:: TASK TO CARRY OUT ::
From the line below containing "Cyprus 1928 £1" to the final line, print each line exactly as written. No pictures belong in the copy.

:: INFORMATION SHOWN ::

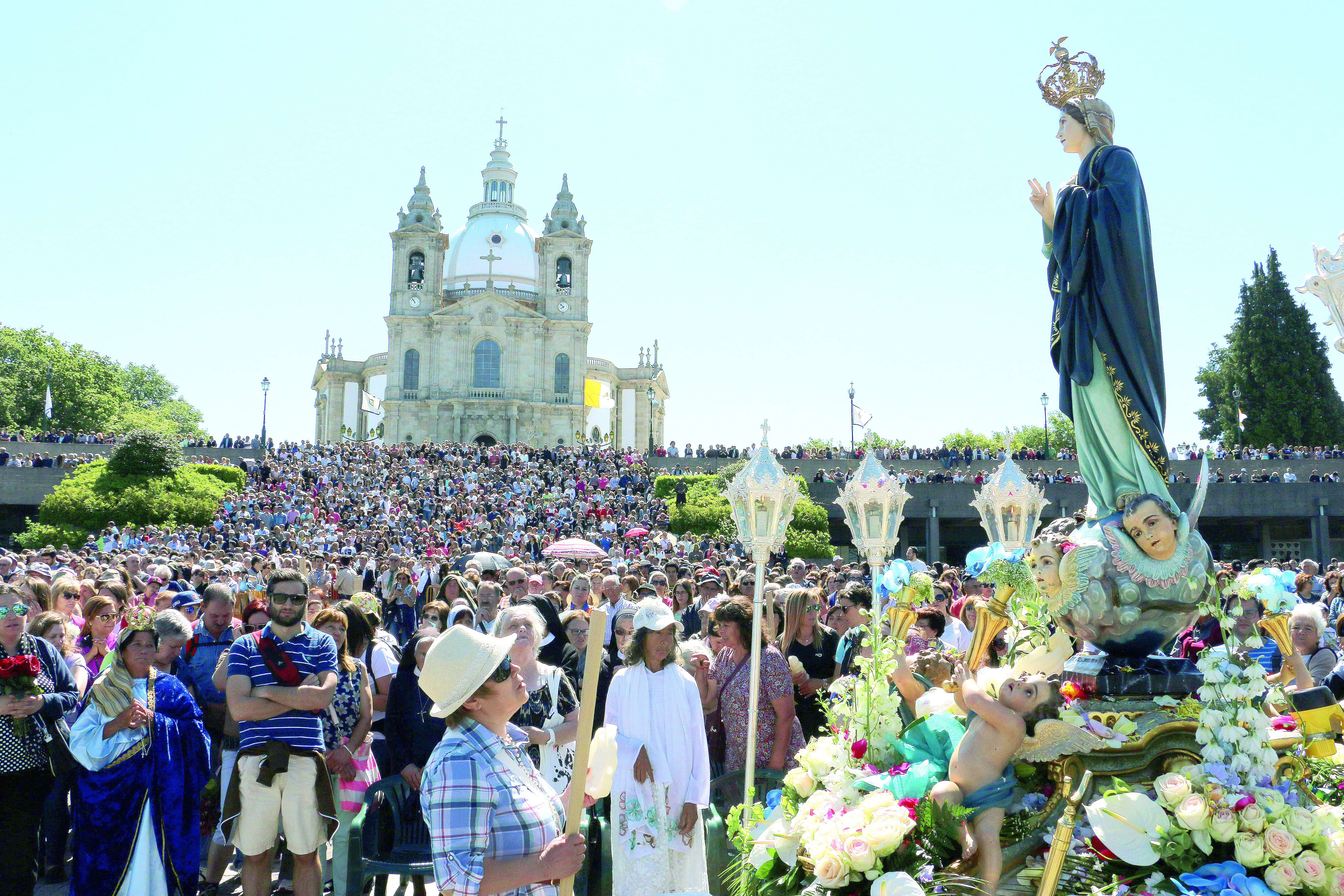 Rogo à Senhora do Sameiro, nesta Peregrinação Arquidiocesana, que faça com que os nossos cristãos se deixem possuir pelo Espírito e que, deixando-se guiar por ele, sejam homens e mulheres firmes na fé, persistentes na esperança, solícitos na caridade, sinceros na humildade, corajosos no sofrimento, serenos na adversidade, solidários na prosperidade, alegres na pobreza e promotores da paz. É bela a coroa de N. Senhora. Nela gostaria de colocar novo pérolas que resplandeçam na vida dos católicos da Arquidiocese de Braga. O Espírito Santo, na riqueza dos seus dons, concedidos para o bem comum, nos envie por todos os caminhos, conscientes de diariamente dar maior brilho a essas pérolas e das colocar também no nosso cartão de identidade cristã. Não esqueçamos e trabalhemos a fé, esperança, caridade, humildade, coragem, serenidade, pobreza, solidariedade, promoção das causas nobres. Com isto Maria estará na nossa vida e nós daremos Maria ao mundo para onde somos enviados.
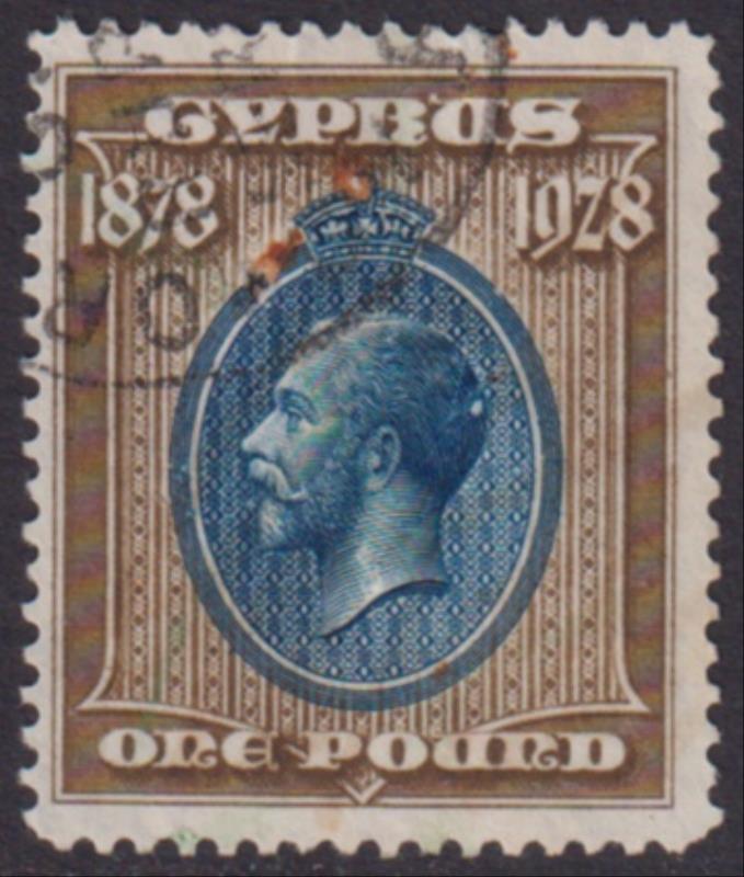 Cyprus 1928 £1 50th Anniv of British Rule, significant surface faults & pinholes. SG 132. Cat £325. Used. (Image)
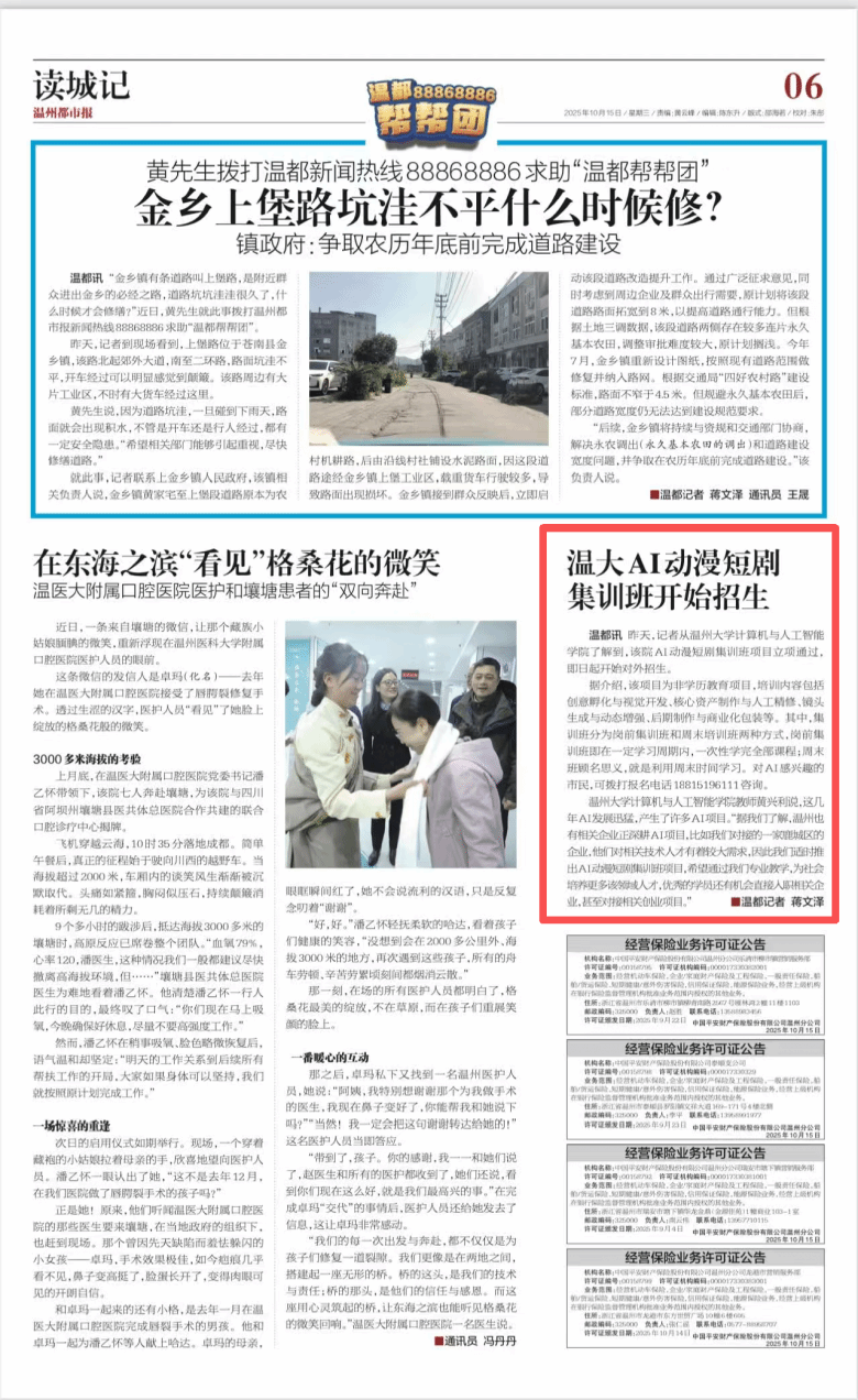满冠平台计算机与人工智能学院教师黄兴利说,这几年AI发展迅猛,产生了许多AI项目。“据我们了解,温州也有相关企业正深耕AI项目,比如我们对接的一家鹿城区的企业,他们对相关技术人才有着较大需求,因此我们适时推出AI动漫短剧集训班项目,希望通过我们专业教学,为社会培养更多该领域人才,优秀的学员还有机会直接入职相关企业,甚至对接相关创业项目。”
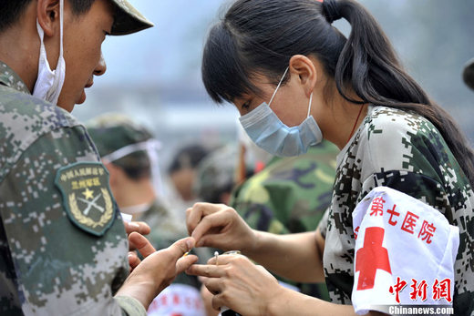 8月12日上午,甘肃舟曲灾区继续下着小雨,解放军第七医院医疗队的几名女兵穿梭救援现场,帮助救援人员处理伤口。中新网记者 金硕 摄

:: ANSWER SPACE ::
 Cyprus 1928 £1 50th Anniv of British Rule, significant surface faults & pinholes. SG 132. Cat £325. Used. (Image)
满冠平台计算机与人工智能学院教师黄兴利说,这几年AI发展迅猛,产生了许多AI项目。“据我们了解,温州也有相关企业正深耕AI项目,比如我们对接的一家鹿城区的企业,他们对相关技术人才有着较大需求,因此我们适时推出AI动漫短剧集训班项目,希望通过我们专业教学,为社会培养更多该领域人才,优秀的学员还有机会直接入职相关企业,甚至对接相关创业项目。”
 8月12日上午,甘肃舟曲灾区继续下着小雨,解放军第七医院医疗队的几名女兵穿梭救援现场,帮助救援人员处理伤口。中新网记者 金硕 摄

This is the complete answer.